Data Block Start
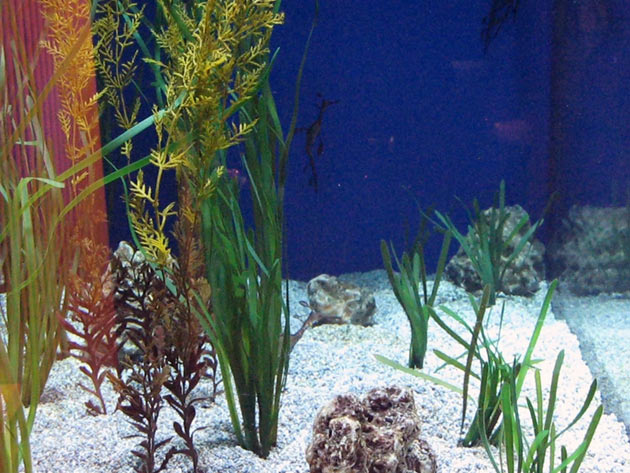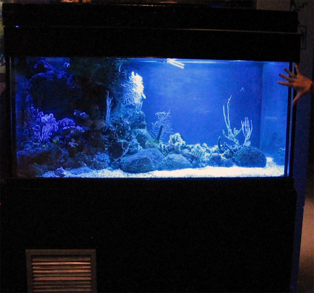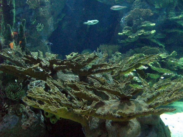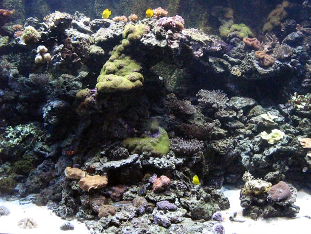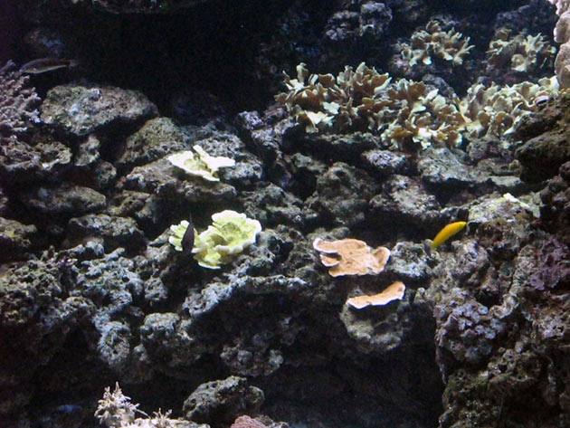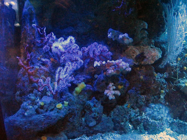 Le due lunghe vasche tropicali, disposte una frontalmente all’altra, sono, almeno apparentemente, in fotocopia e la cosa più deludente, e terzo e ultimo segnale d’allarme, è che tutti i coralli all’interno sono finti: il colore dominate è un grigio spento molto triste. Il livello stesso dell’illuminazione è talmente basso che non permetterebbe certo a coralli SPS di sopravvivere e tanto meno di colorarsi.
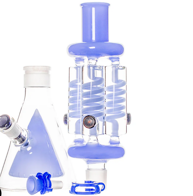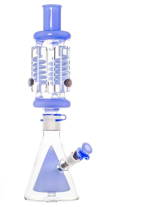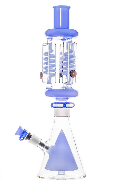 Cool off with some ultra filtrated and chilled hits. The Triple Helix Glyco bong features three freezable glycerin filled coils. The Cone percolator will soften up the bong smoke while the chilled coils make your bong rip a refreshing experience. This bong stands at 19″, making it into our huge bong collection! This beaker style water bong comes with a 14mm male bowl and downstem.
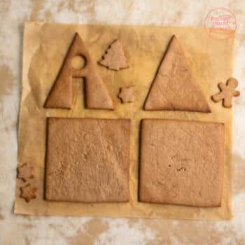 - Vorlage: Ihr könnt euch die Papierschablonen selbst auf Papier aufzeichnen und ausschneiden oder meine Lebkuchenhaus-Schablone als PDF verwenden (A4 zum Ausdrucken).
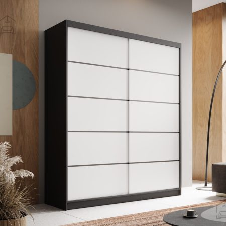 Omara Hannah 180 je eleganten in funkcionalen kos pohištva, ki se odlično poda v sodobne interierje. Z širino 180 cm ponuja veliko prostora za shranjevanje oblačil in dodatkov. Drsna vrata zagotavljajo udobje pri uporabi in prihranek prostora, kar jo naredi idealno izbiro za spalnico, garderobo ali predsobo.
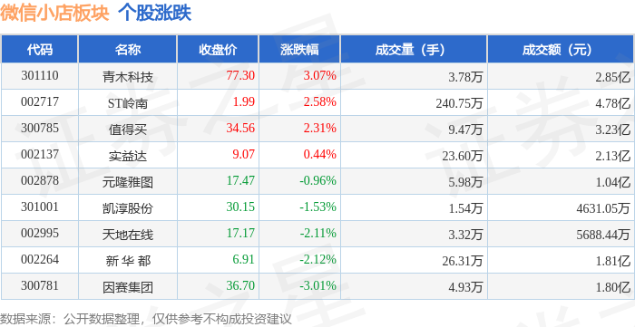 证券之星消息,10月29日微信小店板块较上一交易日上涨0.0%,青木科技领涨。当日上证指数报收于4016.33,上涨0.7%。深证成指报收于13691.38,上涨1.95%。微信小店板块个股涨跌见下表:
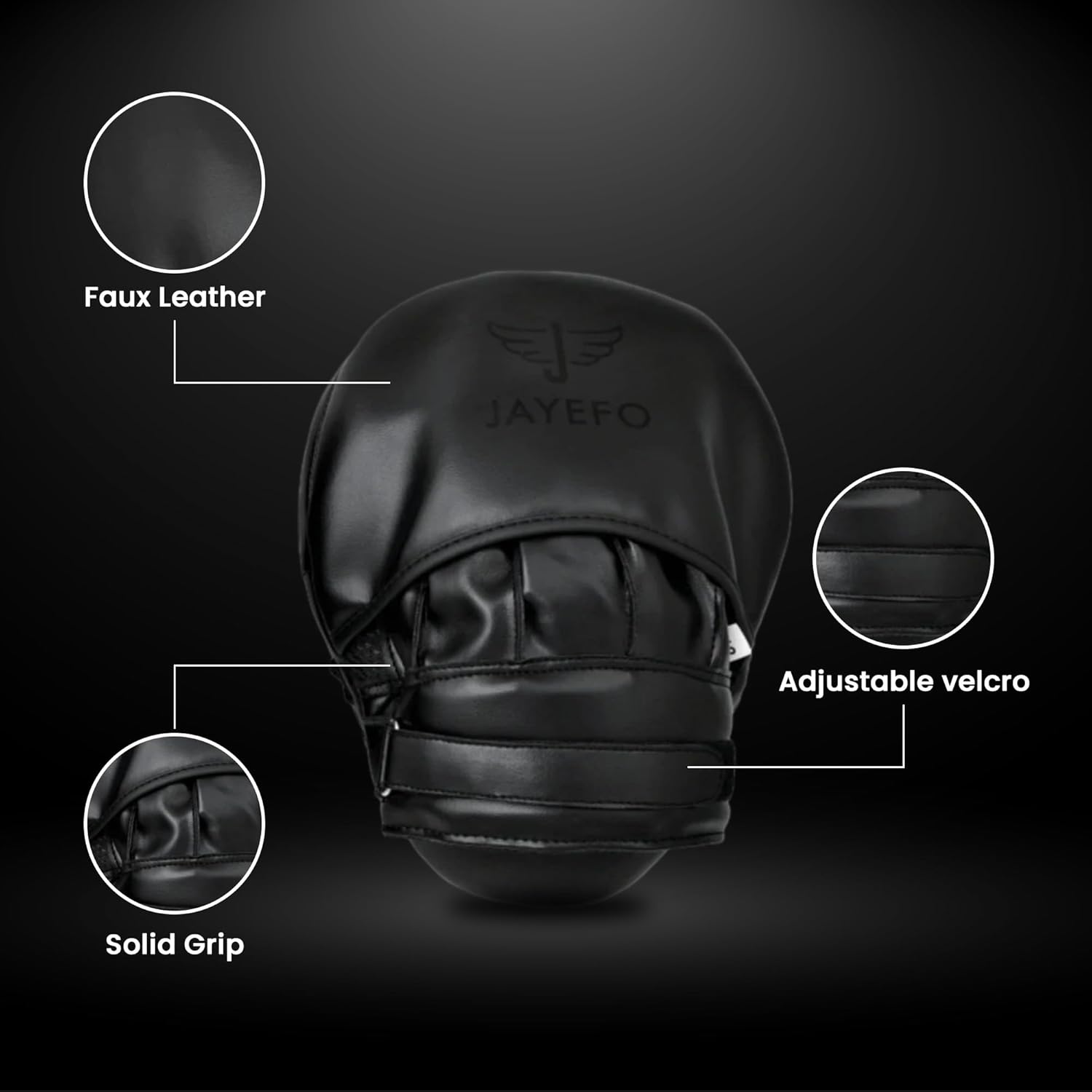 Jayefo Glorious Boxing Pads Focus Mitts for Traning Boxing mits are made of high-quality materials and construction. Boxing pad features a 10 years’ warranty hitting pads boxing, secure hook and loop closure for great wrist support kickboxing pads boxing, light weight for better mobility kickboxing pads set, ventilated mesh for more breathability boxing training gloves, ideal to train boxing and MMA. The curved design is padded with 3 layers to provide smooth punching impact while training. Curved punch mitts are the perfect way to improve your speed, accuracy and endurance. These double stitched boxing hand pads come with a grip ball and five finger gloves for best grip while sparring. Made with industrial strength veg leather construction, these sparring pads fit easy in your gym bag. With extra padding for protection, the Jayefo logo is centered on the target for boxing. These punch mitts are great for training and sparring. They have a thick foam padding that protects your hands and wrists from injury. The hand wraps are made of high-quality cotton which allows you to get a better grip on the pads. kickboxing pads are adjustable, so you can use them with both hands. These boxing hand pads are suitable for all kinds of martial arts such as muay thai, kickboxing, MMA and karate.
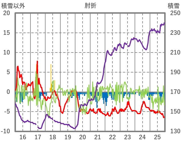 | 日 | 時 | 気温 | 降水 | 風向/風速 | 日照 | 積雪 | 降雪 |
Data Block End
→ **Task requirements**
Retype all the records shown above, character for character. Omit every picture.

→ **Solution to this problem**
 Le due lunghe vasche tropicali, disposte una frontalmente all’altra, sono, almeno apparentemente, in fotocopia e la cosa più deludente, e terzo e ultimo segnale d’allarme, è che tutti i coralli all’interno sono finti: il colore dominate è un grigio spento molto triste. Il livello stesso dell’illuminazione è talmente basso che non permetterebbe certo a coralli SPS di sopravvivere e tanto meno di colorarsi.
 Cool off with some ultra filtrated and chilled hits. The Triple Helix Glyco bong features three freezable glycerin filled coils. The Cone percolator will soften up the bong smoke while the chilled coils make your bong rip a refreshing experience. This bong stands at 19″, making it into our huge bong collection! This beaker style water bong comes with a 14mm male bowl and downstem.
 - Vorlage: Ihr könnt euch die Papierschablonen selbst auf Papier aufzeichnen und ausschneiden oder meine Lebkuchenhaus-Schablone als PDF verwenden (A4 zum Ausdrucken).
 Omara Hannah 180 je eleganten in funkcionalen kos pohištva, ki se odlično poda v sodobne interierje. Z širino 180 cm ponuja veliko prostora za shranjevanje oblačil in dodatkov. Drsna vrata zagotavljajo udobje pri uporabi in prihranek prostora, kar jo naredi idealno izbiro za spalnico, garderobo ali predsobo.
 证券之星消息,10月29日微信小店板块较上一交易日上涨0.0%,青木科技领涨。当日上证指数报收于4016.33,上涨0.7%。深证成指报收于13691.38,上涨1.95%。微信小店板块个股涨跌见下表:
 Jayefo Glorious Boxing Pads Focus Mitts for Traning Boxing mits are made of high-quality materials and construction. Boxing pad features a 10 years’ warranty hitting pads boxing, secure hook and loop closure for great wrist support kickboxing pads boxing, light weight for better mobility kickboxing pads set, ventilated mesh for more breathability boxing training gloves, ideal to train boxing and MMA. The curved design is padded with 3 layers to provide smooth punching impact while training. Curved punch mitts are the perfect way to improve your speed, accuracy and endurance. These double stitched boxing hand pads come with a grip ball and five finger gloves for best grip while sparring. Made with industrial strength veg leather construction, these sparring pads fit easy in your gym bag. With extra padding for protection, the Jayefo logo is centered on the target for boxing. These punch mitts are great for training and sparring. They have a thick foam padding that protects your hands and wrists from injury. The hand wraps are made of high-quality cotton which allows you to get a better grip on the pads. kickboxing pads are adjustable, so you can use them with both hands. These boxing hand pads are suitable for all kinds of martial arts such as muay thai, kickboxing, MMA and karate.
 | 日 | 時 | 気温 | 降水 | 風向/風速 | 日照 | 積雪 | 降雪 |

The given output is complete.